Task for the records below: repeat the line containing "El accidente se" and every line after it, exactly and with nothing else, but leave out the pictures.

• **RECORDS SUPPLIED**
- - - - - - -

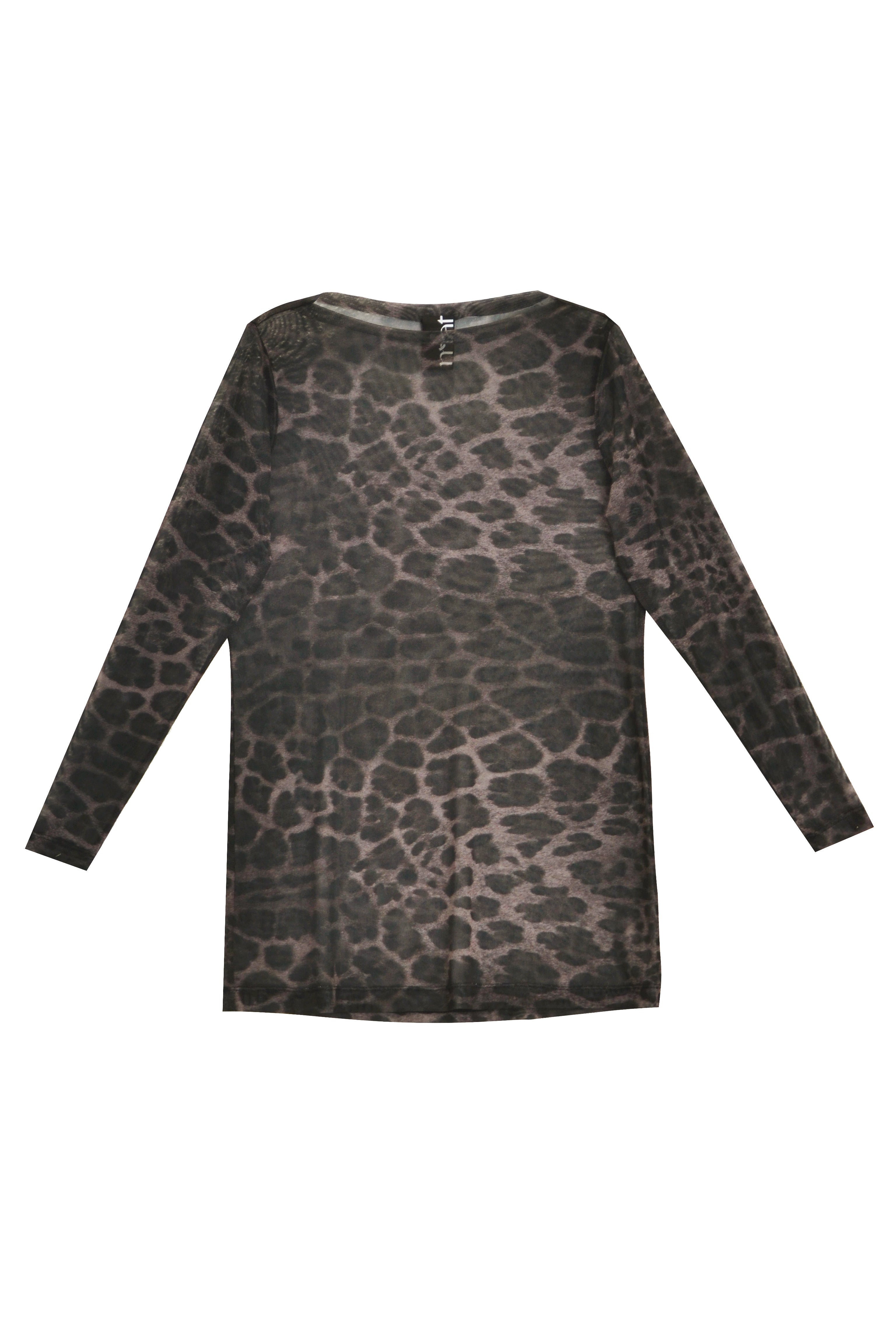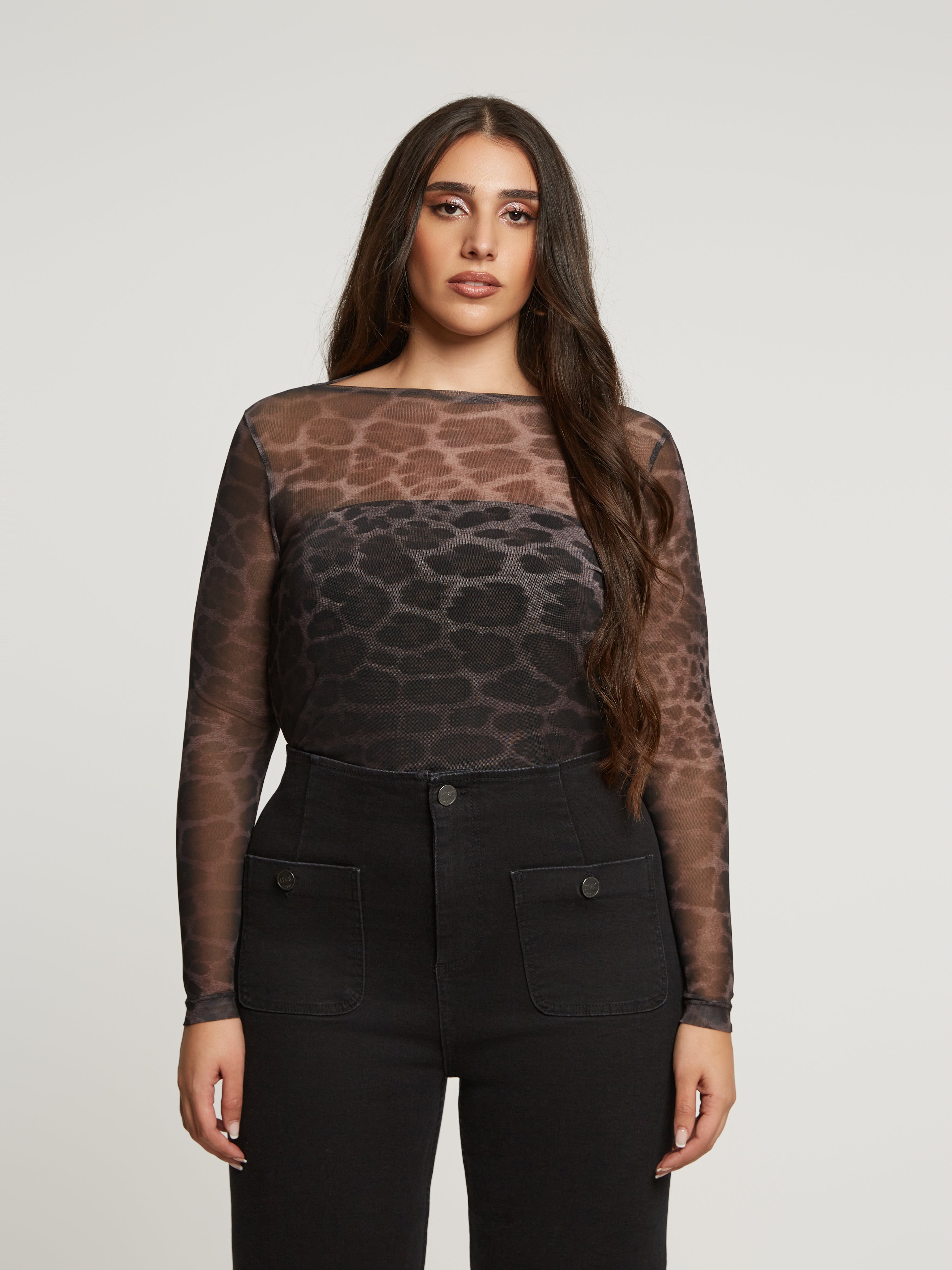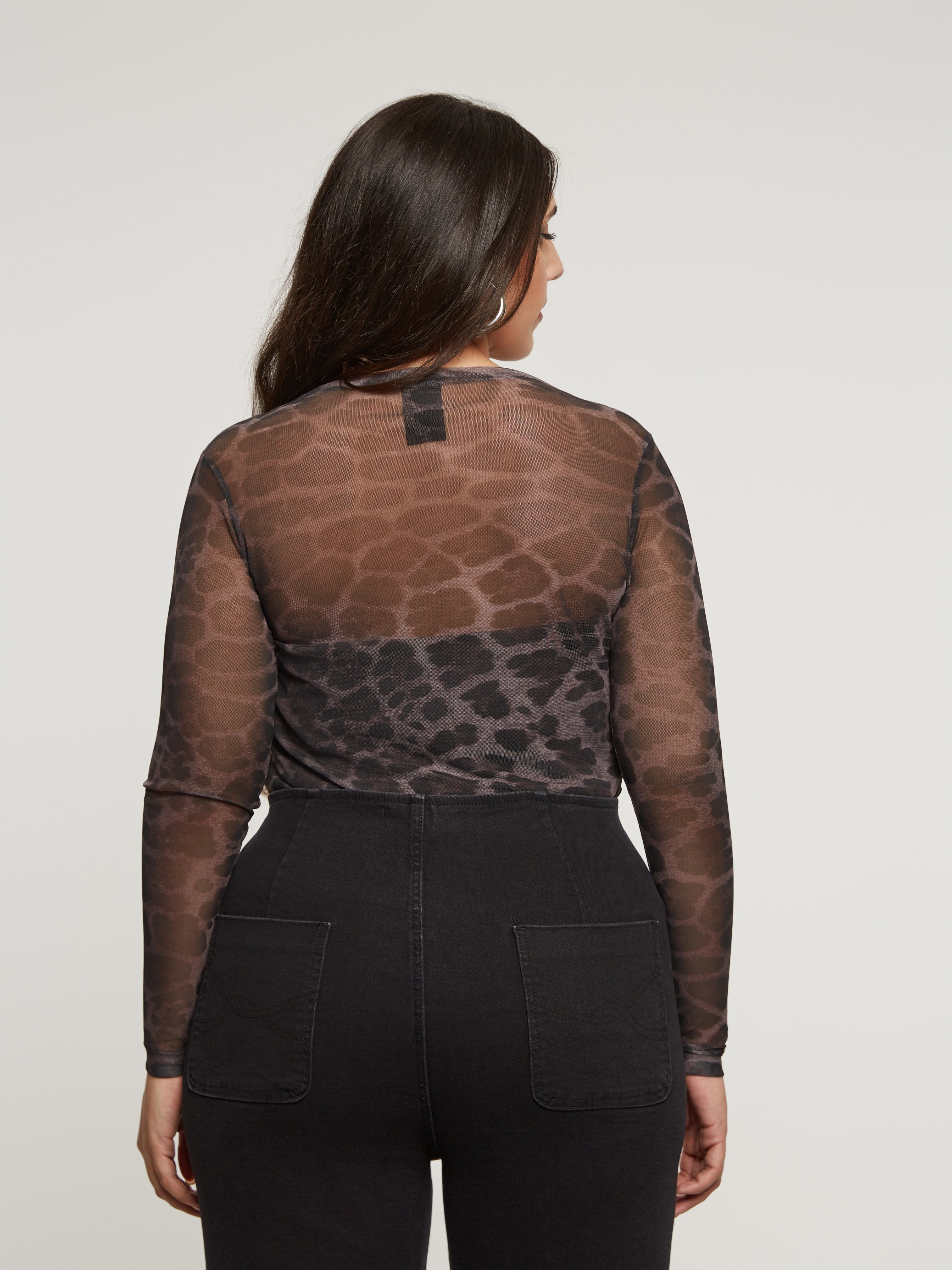 Deze animal-print mesh top brengt een gedurfde, vrouwelijke look met een moderne twist. De lichte, semi-transparante stof maakt hem ideaal om te layeren of solo te dragen voor een statement dat zowel gewaagd als verfijnd blijft.
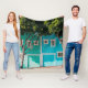 Grönt och blå hus bredvid träd på sidpromenad fleecefilt
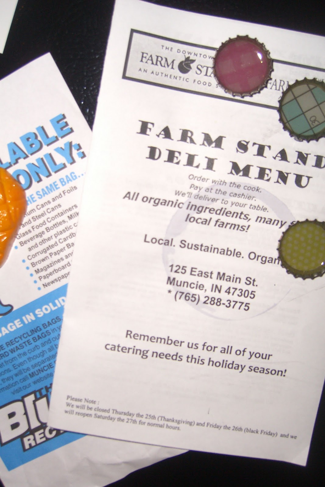 And the menu for the local organic market/restaurant located around the corner as well as a guideline for all things recyclable in Muncie. I haven't actually eaten at this market, but have very good intentions of becoming a regular customer. Someday. The bottle cap magnets were made by my friend Jess, by the way.
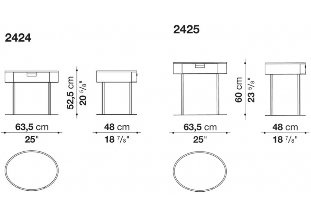 | Dimensioni | 63.5 x 48 x H 52.5 cm - 63.5 x 48 x H 60 cm. |
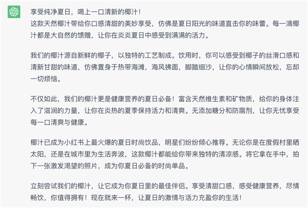 世超先让 ChatGPT 生成了一段关于椰汁的广告文案,再依次用工具进行测试。
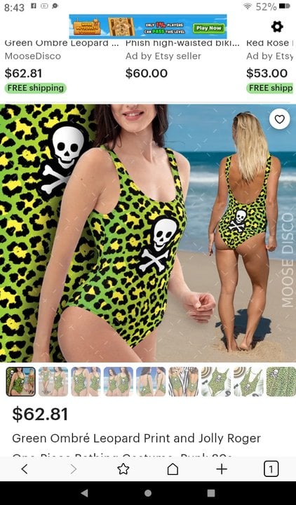 I don’t like the patterns on the other two. And I don’t like the bikini style on the top photo. It’s too granny Ish I wouldn’t even wear that style and I’m almost 60.
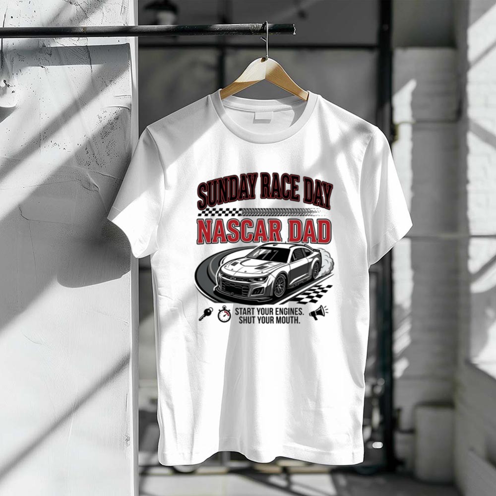 This design encapsulates the electrifying atmosphere of race day, where the roar of engines and the laughter of loved ones merge. The humorous slogan, ‘Start your engines. Shut your mouth,’ pays tribute to the spirited tradition of NASCAR, making it a perfect symbol for fathers who cherish these moments with their kids. It’s a reminder of the joy found in racing culture and family togetherness.
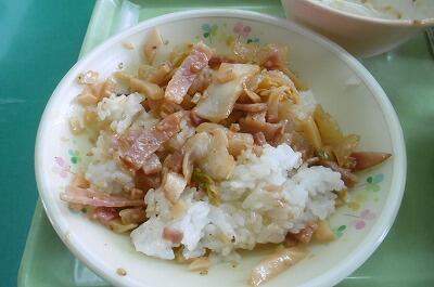 【キムタクご飯!キムチとたくあんを混ぜ合わせたご飯ですね・・。(ご飯との相性ぴったりで、おいしくいただきました!)】
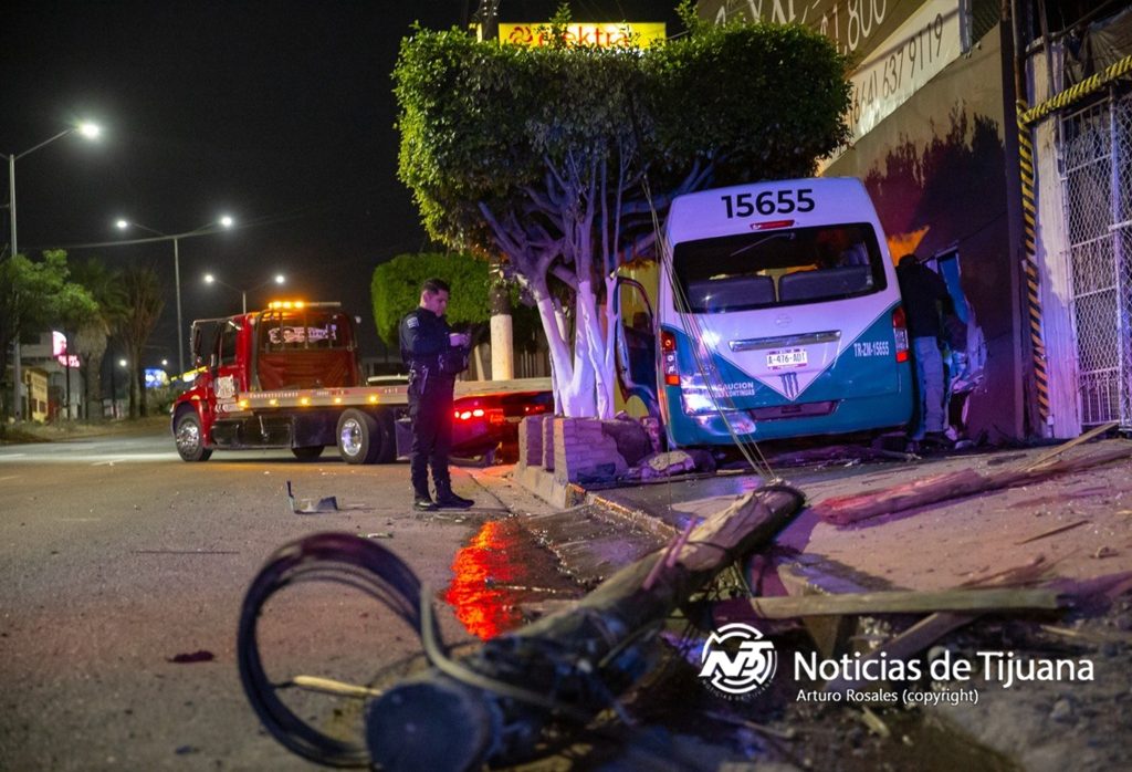 El accidente se registró sobre el bulevar Fundadores, donde la unidad con número económico 15655, que cubre la ruta Centro–Otay, primero derribó un poste de telefonía y después se impactó contra la barra perimetral del plantel educativo.
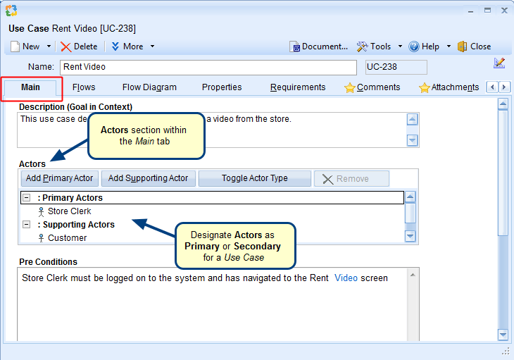 - Viewing Use Case Scenarios record type in the repository
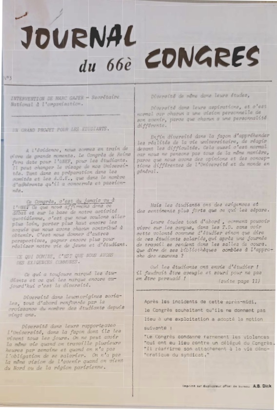 ![]() Le projet de rsolution, prsent par un ditorial de Didier Seban dans UNEF-Inform de fvrier AD Val de Marne - 120j |

- - - - - - -

• **ANSWER BELOW**
 El accidente se registró sobre el bulevar Fundadores, donde la unidad con número económico 15655, que cubre la ruta Centro–Otay, primero derribó un poste de telefonía y después se impactó contra la barra perimetral del plantel educativo.
 - Viewing Use Case Scenarios record type in the repository
 ![]() Le projet de rsolution, prsent par un ditorial de Didier Seban dans UNEF-Inform de fvrier AD Val de Marne - 120j |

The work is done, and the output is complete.